The Court announced on Monday it would not hear Attorney General Austin Knudsen’s appeal. As is common practice for them, they did not provide any additional information about their reasoning.

This decision is the latest step in a months-long battle between majority Republican legislators and the state judiciary, in which lawmakers have accused state courts of being unduly biased against Republican-passed laws.

The Montana Supreme Court said last August that the Legislature exceeded its authority when GOP leaders used their subpoena power in April 2021 to obtain thousands of court emails. It quashed the subpoenas and ordered the records returned. The court also earlier rejected Knudsen’s request that the entire court remove itself from the case and let other judges decide, because it involved Supreme Court personnel and its own policy.

In December, Knudsen asked the U.S. Supreme Court to take the case and overturn that ruling. He said the Montana Supreme Court improperly ruled on issues directly affecting itself, violating due process of law.

However, state court administrators told the U.S. Supreme Court that whether Montana’s justices should have recused themselves from the case is a decision based entirely in state law, and not federal due process as argued by the Legislature.

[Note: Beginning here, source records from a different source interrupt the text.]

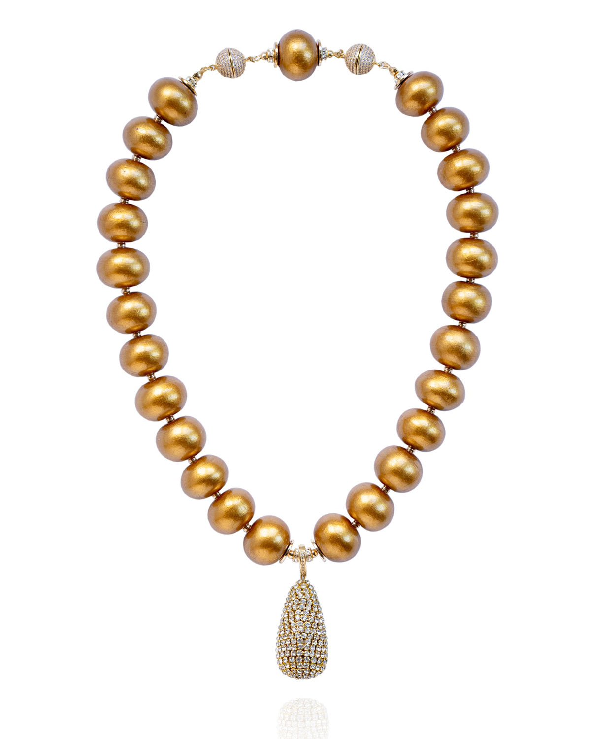 Behold a modern heirloom of timeless beauty. The Serafina Necklace is enrapturing elegance, with a string of hand-painted wooden beads in rich metallic tones. At the center sits a crystal rhinestone pendant. The necklace features dual magnetic silver-plated brass closures with sparkling cubic zirconias, along with a decorative bead in between that acts as an extender, allowing it to be worn at two different lengths. You can also remove the pendant for a more streamlined look.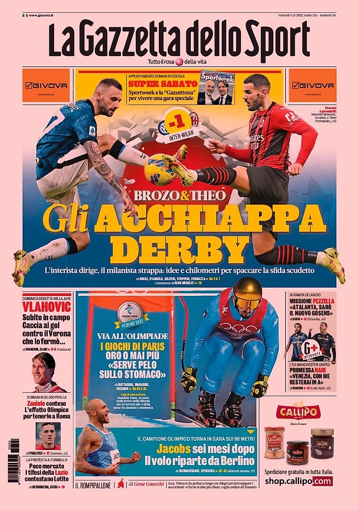 «Они ловят Дерби» – пишет о возможных главных героях предстоящего матча «Интера» с «Миланом» Gazzetta: «Брозо&Тео. Интериста дирижирует, миланиста врывается: идеи и километры, чтобы расколоть схватку за Скудетто».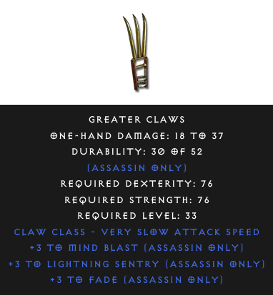 Required Level: 33+3 to Mind Blast (Assassin only)+3 to Lightning Sentry (Assassin only)+3 to Fade (Assassin only)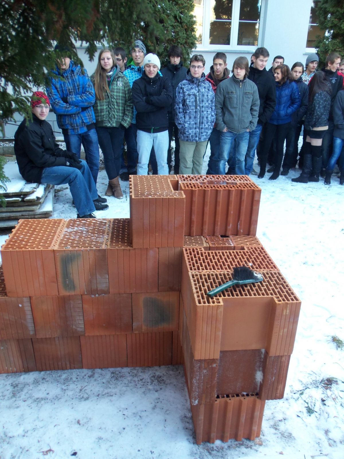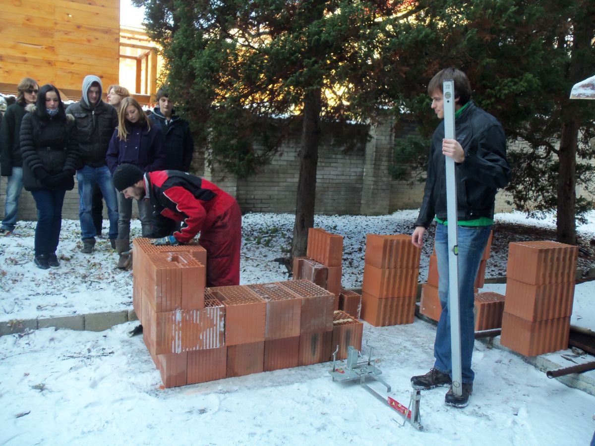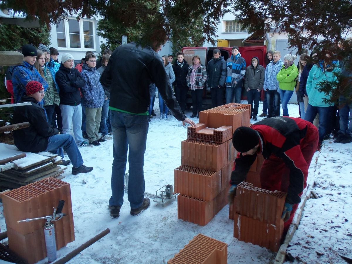 Aby žáci získali ještě podrobnější znalosti a přehled o výrobcích cihelných, oslovili jsme stavební firmu Wienerberger. Přednáška na téma zdící materiály byla obohacena o informace o požadavcích na moderní zdivo a dodržování tepelně-technických norem. Přesto, že venku mrzlo, vzniklo na školním dvoře provizorní staveniště, kde žákům prvního a druhých ročníků zástupce firmy ukázal, jak se z moderních tvárnic zdí. Ukázka se týkala vyzdívání ostění a parapetu.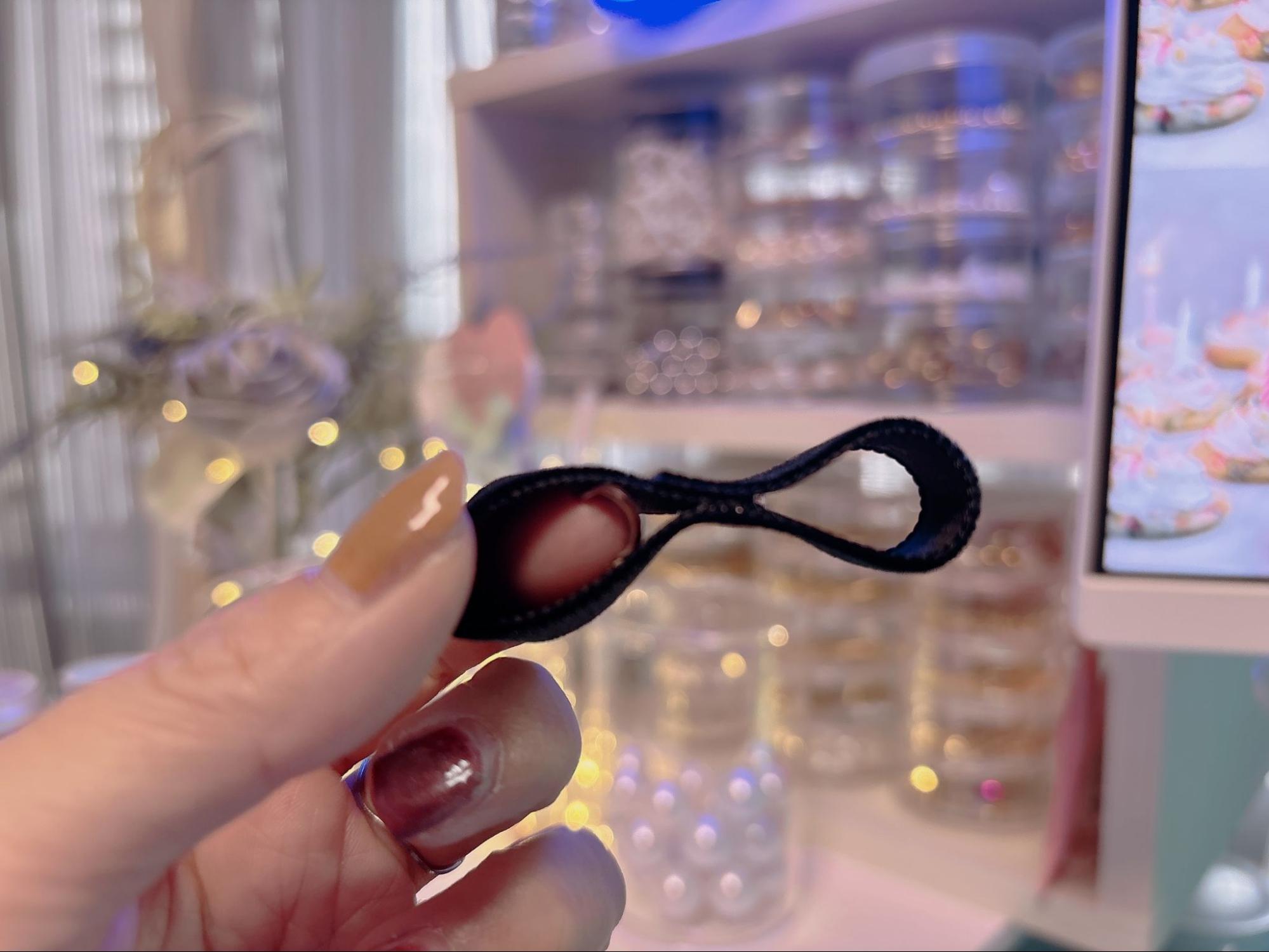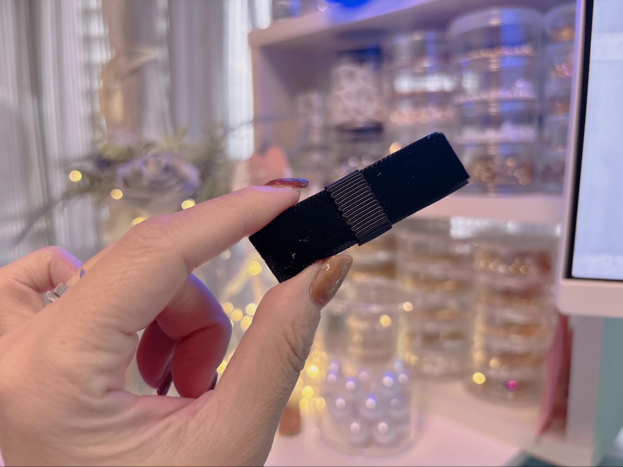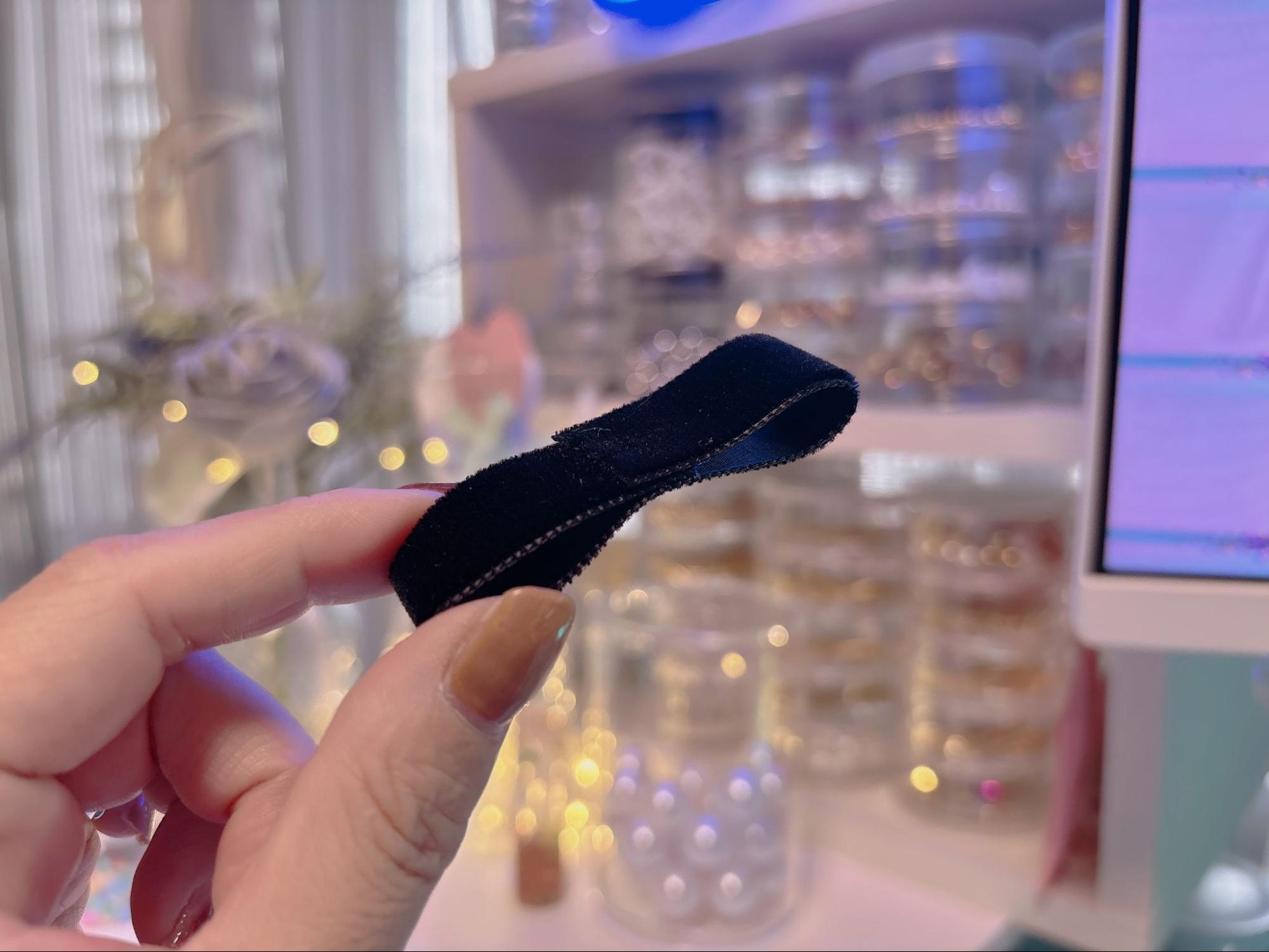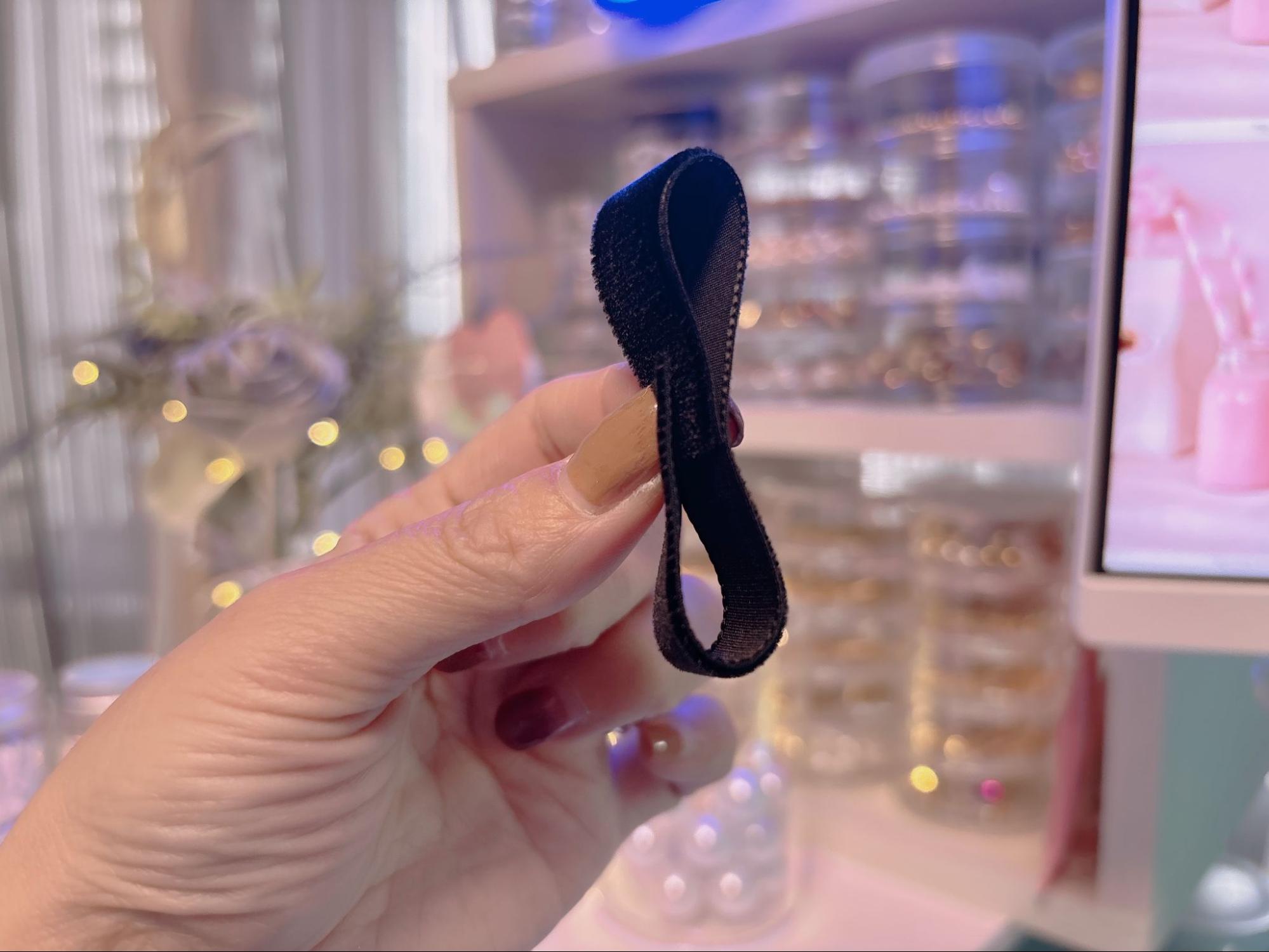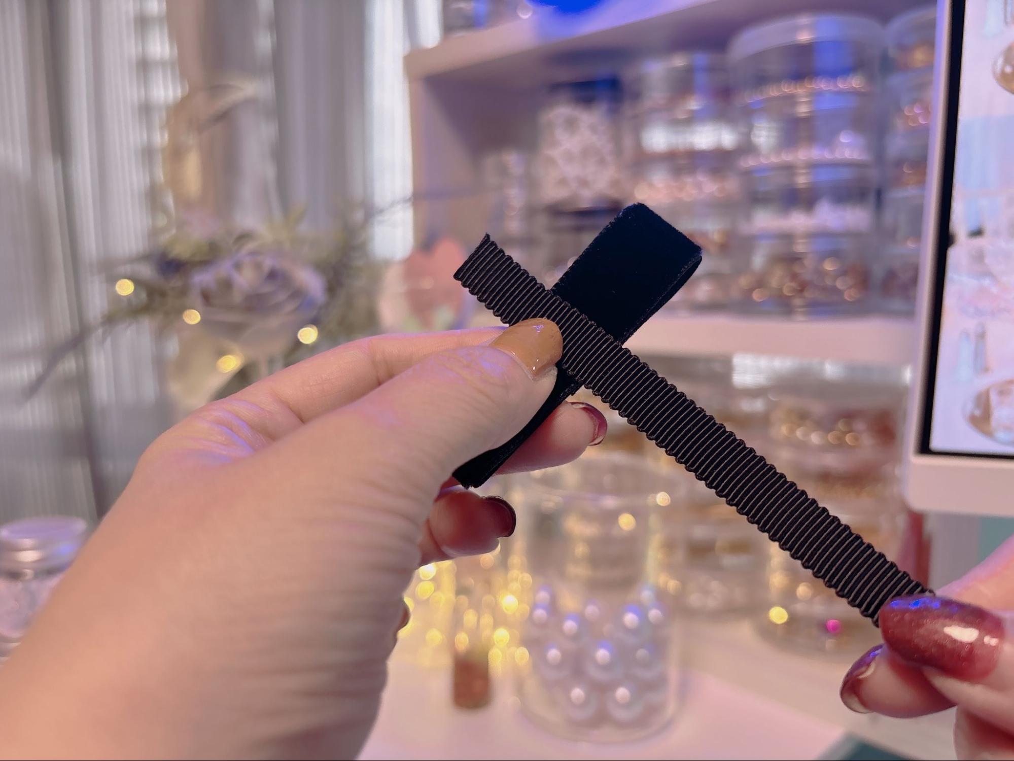 - シングルナイロンベルベットリボンの12cmカットしたものを輪にして、中央をグルーで固定します。

State Sen. Greg Hertz, R-Polson, chairs a special legislative committee investigating the judiciary.

"We are disappointed by the U.S. Supreme Court's decision but not surprised given that the court only agrees to hear a tiny fraction of the petitions before them,” he said in a statement. “We already withdrew the subpoena last year with the goal of spurring sincere conversations and negotiation between our two coequal branches of government. It now falls to the Legislature to ensure that problems within the judicial branch are fixed and that similar situations of deleting public records, lack of transparency, and pre-judging legislation don't happen again. We hope the judiciary will be forthcoming going forward and willing to work with us on developing adequate policies and procedures, starting with our next select committee meeting on April 13th.”

Kyler Nerison, communications director for Knudsen, also released a statement after the decision was announced.

“The extreme lengths to which the state Supreme Court has gone to hide their public documents and misconduct should concern every Montanan,” he said. “Time and again, the justices ruled on cases where they had a direct and admitted conflict of interest and issued self-serving rulings conceal their communications from the public.”